Suppose you toss a coin, which you * believe to be fair*, 10 times.

Let p = proportion of heads obtained.

We say that the **Null Hypothesis** is p=0.5, the initial belief before conducting the experiment. The correct notation is H₀ : p=0.5

__Case 1__

Suppose the experiment produces 9 heads from the 10 tosses. We say that 9 is the **Test Statistic**. Could this be evidence that the coin is biased towards heads? i.e. p > 0.5?

Or is this just a random fluctuation? i.e. The coin is actually fair, so p=0.5.

For this case our hypotheses are H₀ : p=0.5 and H₁ : p>0.5 where H₁ is called the **Alternative Hypothesis**.

__Case 2__

Suppose the experiment produces 3 heads from the 10 tosses, so the Test Statistic is 3.

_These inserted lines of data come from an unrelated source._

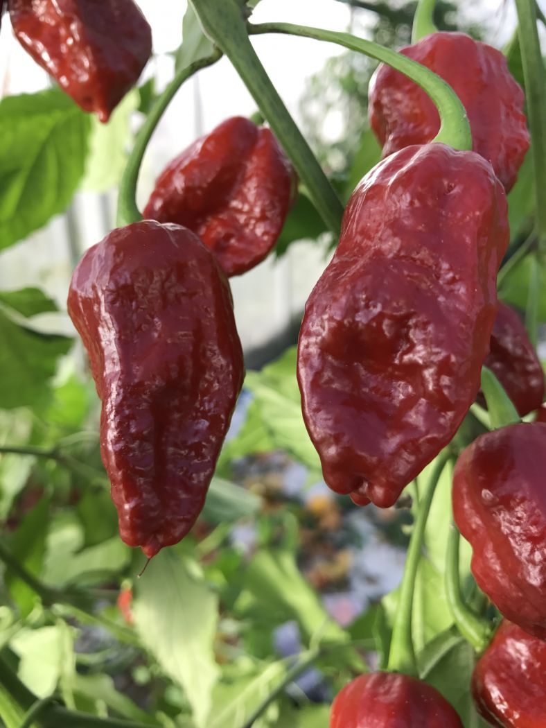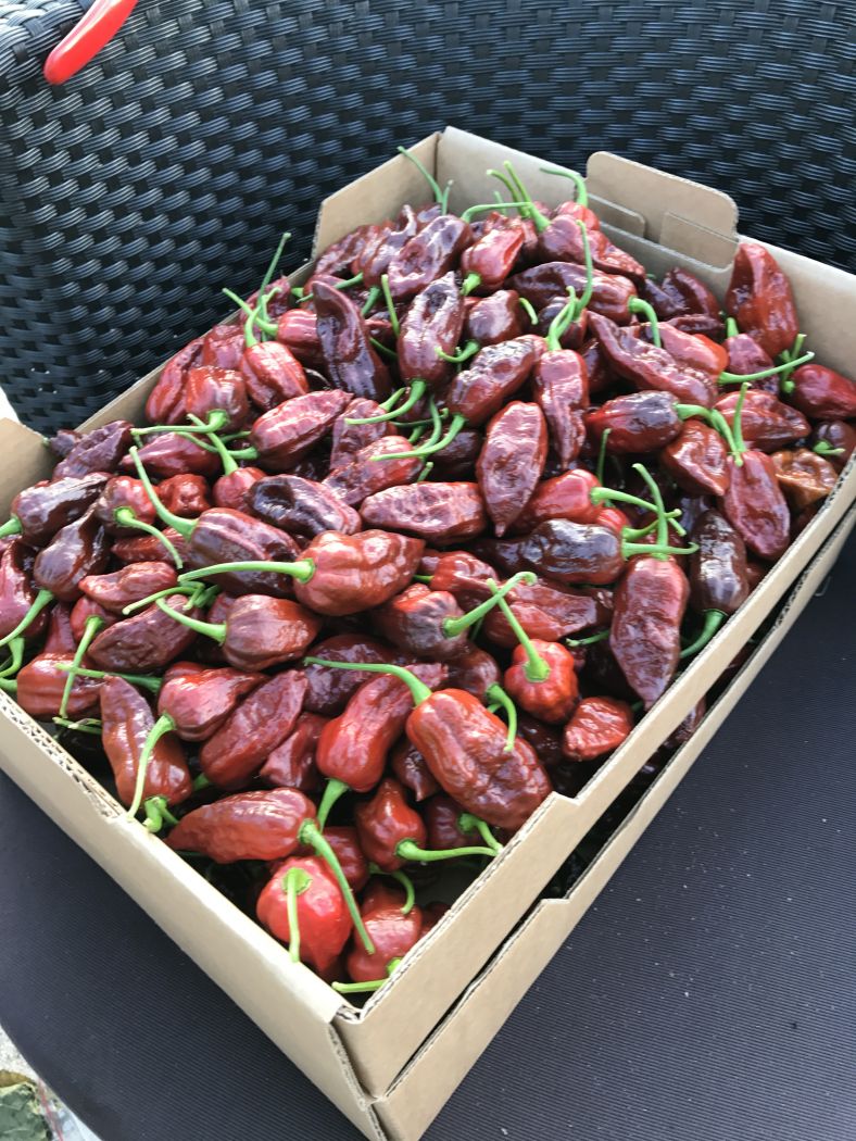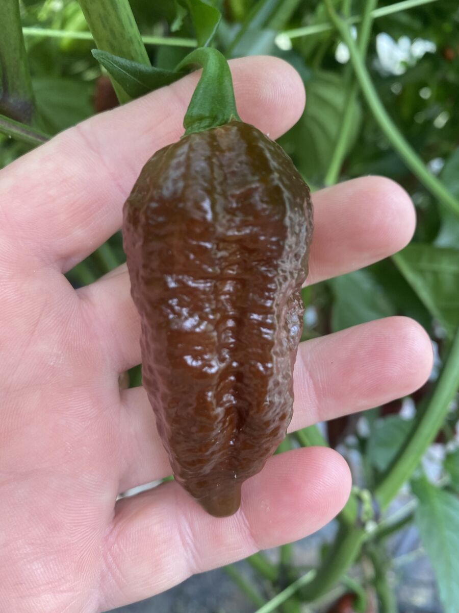 Det er en krydsning mellem Naga Morich og Trinidad Douglah. Store kraftige planter der sætter rigtig mange lækre chokoladefarvede frugter på 3 x 7 cm. Tag ikke fejl - de er stærke - meget stærke sandsynligvis helt op imod 1,5 mio SHU smagen er frugtig med en lille antydning af Naga.
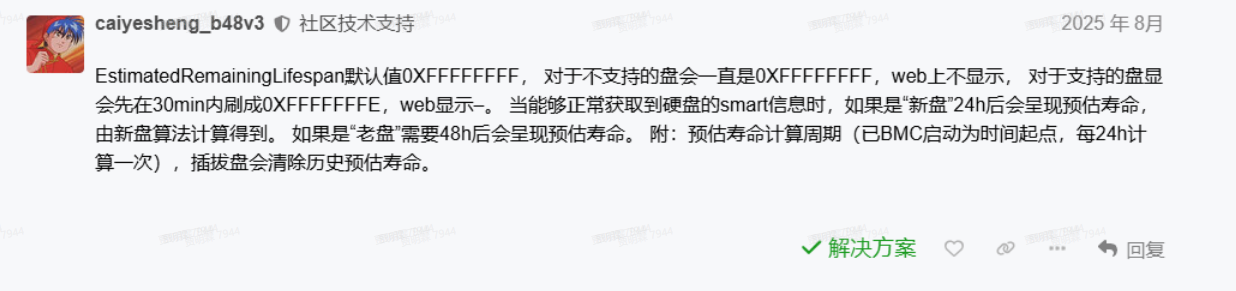| 未完成足够周期的数据采集 | 重启 BMC 或插拔硬盘会重置计时器 | 社区反馈“插拔盘清除历史寿命” |
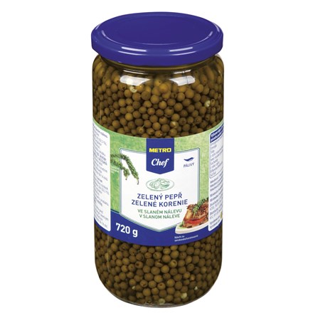 - Zelený pepř ve slaném nálevu. Pasterováno. Pálivý výrobek.
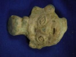 | Description / विवरण | Head of a terracotta human figurine, the body below neck is missing. Its nose and ears are prominent and eyes and mouth are made with incised lines. Hair is tied into a knot with a hair band. |
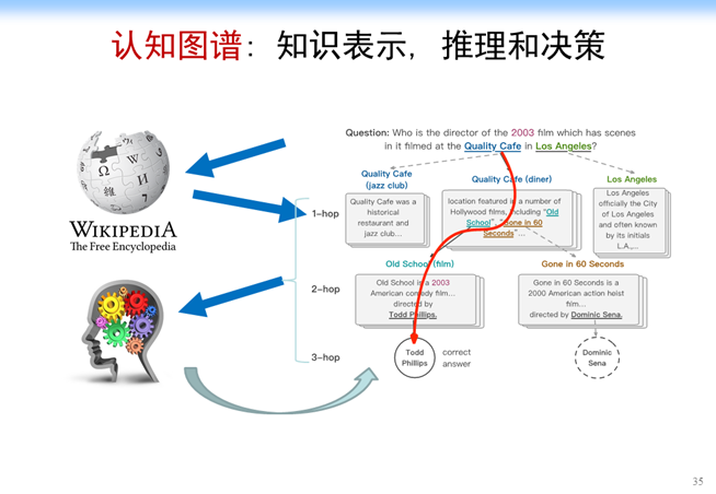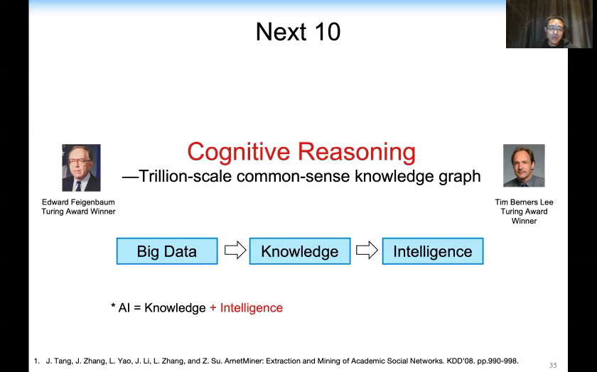 下一个十年AI最重要的一个方向就是做认知推理,它是实现大数据到知识、到智能的一个关键,这也是实现之前知识工程两个最有代表性的图灵奖获得者推崇的从知识到智能的一个关键的转变。
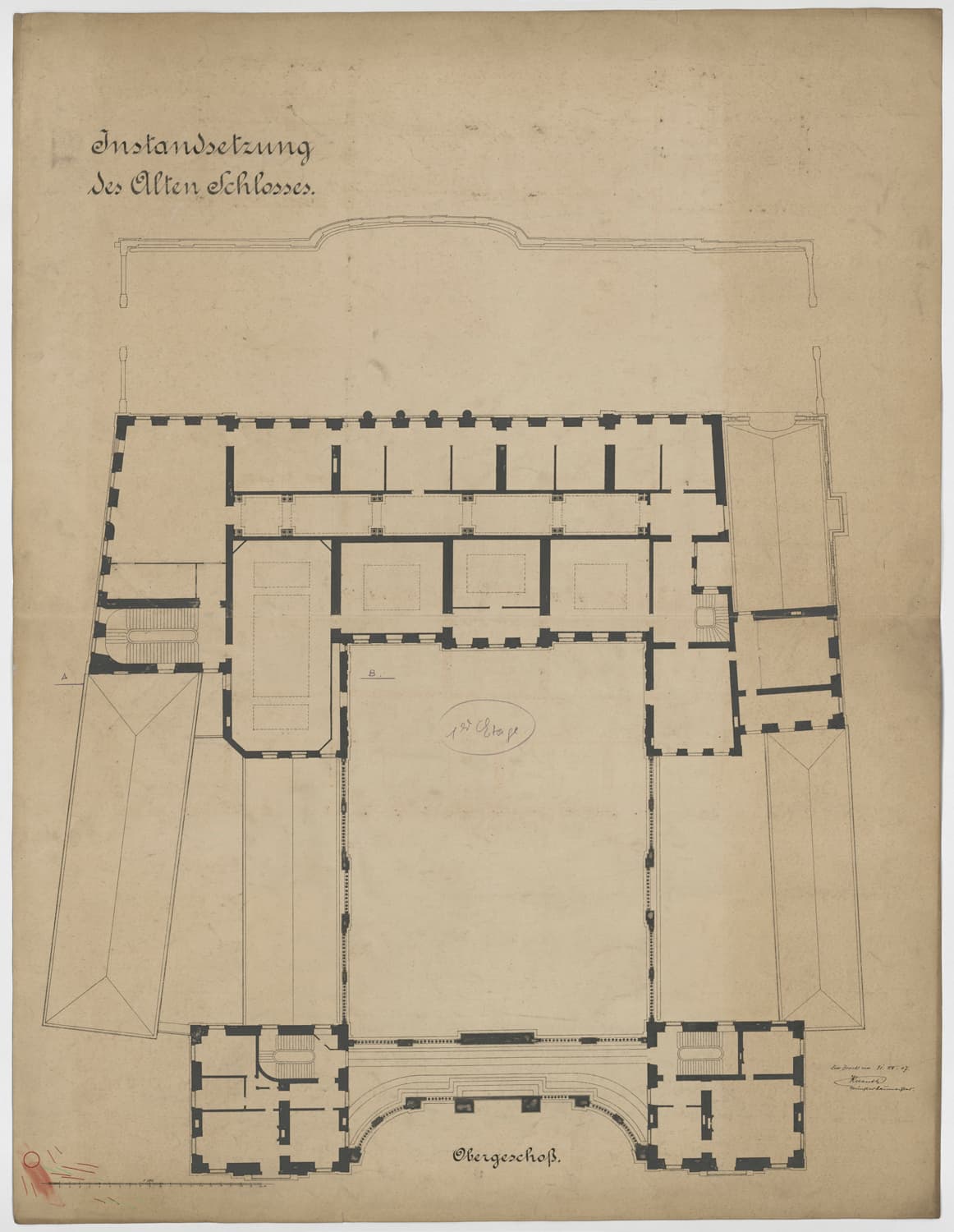 Projet de réaménagement, plan de masse du premier étage.
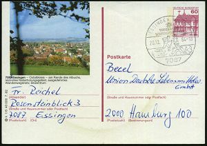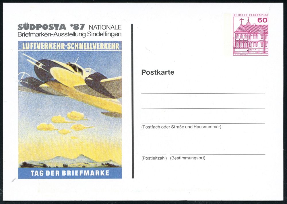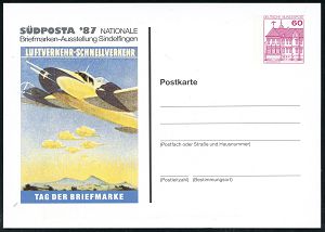 3896 | 10 € | POSTLEITRAUM 7000 (OHNE STUTTGART) : Sindelfingen 1987 PP 60 Pf. Burgen: SÜDPOSTA ´87.../TAG DER BRIEFMARKE (histor. Lufthansa-Plakat) ungebr. (Mi.PP 106) | ![]() | |
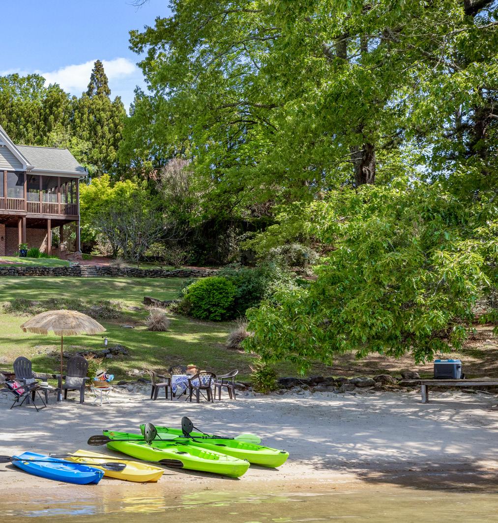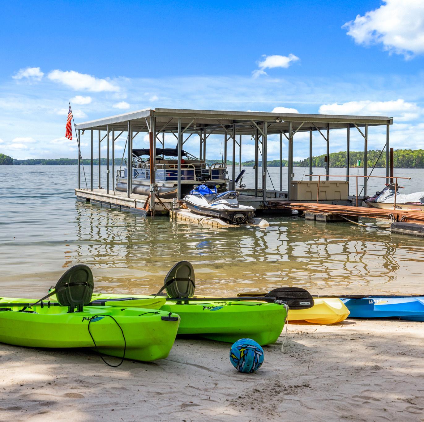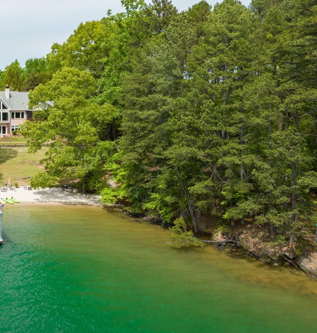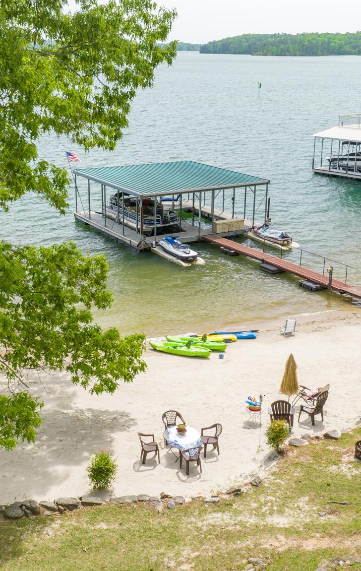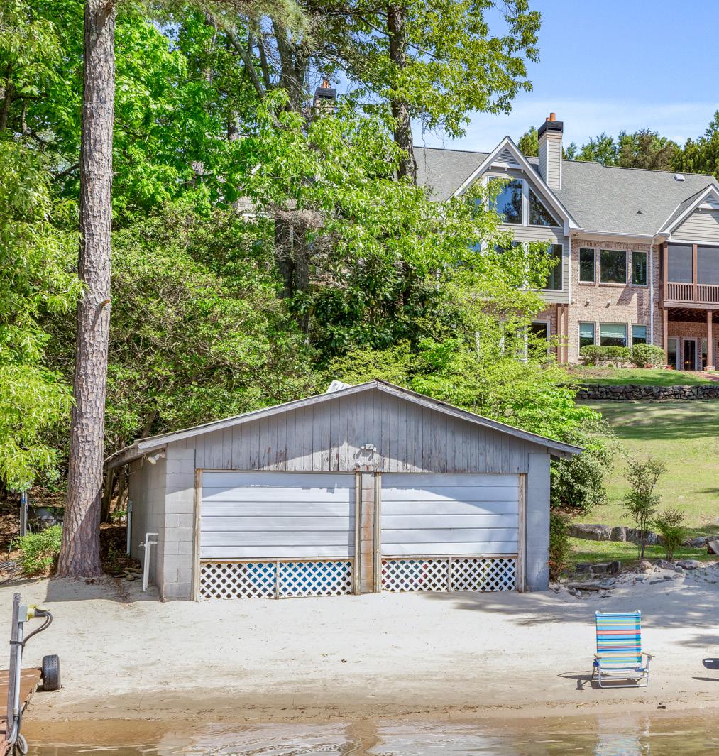 8430 Lanier Drive known as Beachwood Cottage is a unique property located on the end of "The Peninsula" in Deer Creek Shores and is rich with character and charm. One can enjoy living year round on the open water of beautiful Lake Lanier. Sitting on 1.3 acres, the property includes a rare secluded natural sandy beach. A small cove formed by woods and a rocky point shelters the beach, dock and swimming area. Following a gentle walk from the house, one can wiggle toes in the sand or listen to waves lapping on the shore. Kids can wade into the lake, swim or launch their kayaks. Seeing bass and brim swimming in the clear water invites a cast or two. A concrete block boathouse on the beach provides convenient storage for lake gear.
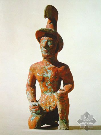 新疆新源縣境鞏乃斯河南岸也出土有寫實的銅人,作蹲跪姿勢。頭戴尖頂寬沿帽,大眼高鼻,有鮮明的民族特征。裸上身,下體著短裙,赤足。兩手分握管狀套筒,與中原地區(qū)所出土的,作為器物支架或底座的人物相近。這件作品準確地塑造出健壯、富有彈性的肌肉,和骨骼與肌肉的解剖關系,再現(xiàn)了當時塞外武士的勇武風范,是同時期雕塑作品中少見的。
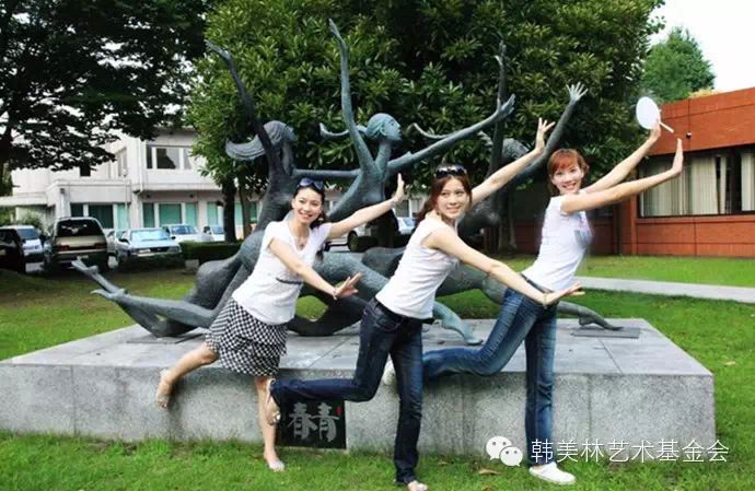 在真冈市韩美林雕塑《青春》前合影

Could this be evidence that the coin is biased against heads? i.e. p < 0.5?

Or is this just a random fluctuation?

For this case our hypotheses are H₀ : p=0.5 and H₁ : p<0.5

Both of these cases are known as **One-Tailed Tests**.

A **Two-Tailed Test** would have hypotheses of the form H₀ : p=0.5 and H₁ : p ≠ 0.5

##### Conducting the Hypothesis Test

__Case 1__

H₀ : p=0.5 and H₁ : p>0.5

Let X = number of heads from the 10 tosses. Assuming H₀ is true then **X~B(10, 0.5)**.

Now calculate the probability of obtaining the test statistic or any value more extreme; comparing this with a **significance level** of 5% will decide whether to reject H₀ or not.

i.e. P(X ≥ 9) = 1 - P(X ≤ 8) = 1 - 0.9892578125 = 0.0107421875 < 0.05

So this is a very unlikely event which is smaller than the significance level. We say that the **test is significant**, so we **reject H₀**. There is evidence that the coin is biased towards heads.

__Case 2__

H₀ : p=0.5 and H₁ : p<0.5

As before, let X = number of heads from the 10 tosses, so that under H₀ we have

X~B(10, 0.5).

Now calculate the probability of obtaining the test statistic or any value more extreme and compare this with a significance level of 5%.

i.e. P(X ≤ 3) = 0.171875 > 0.05

This is a small probability but still greater than the significance level. We say that the **test is not significant**, so we **do not reject H₀**. There is insufficient evidence that the coin is biased.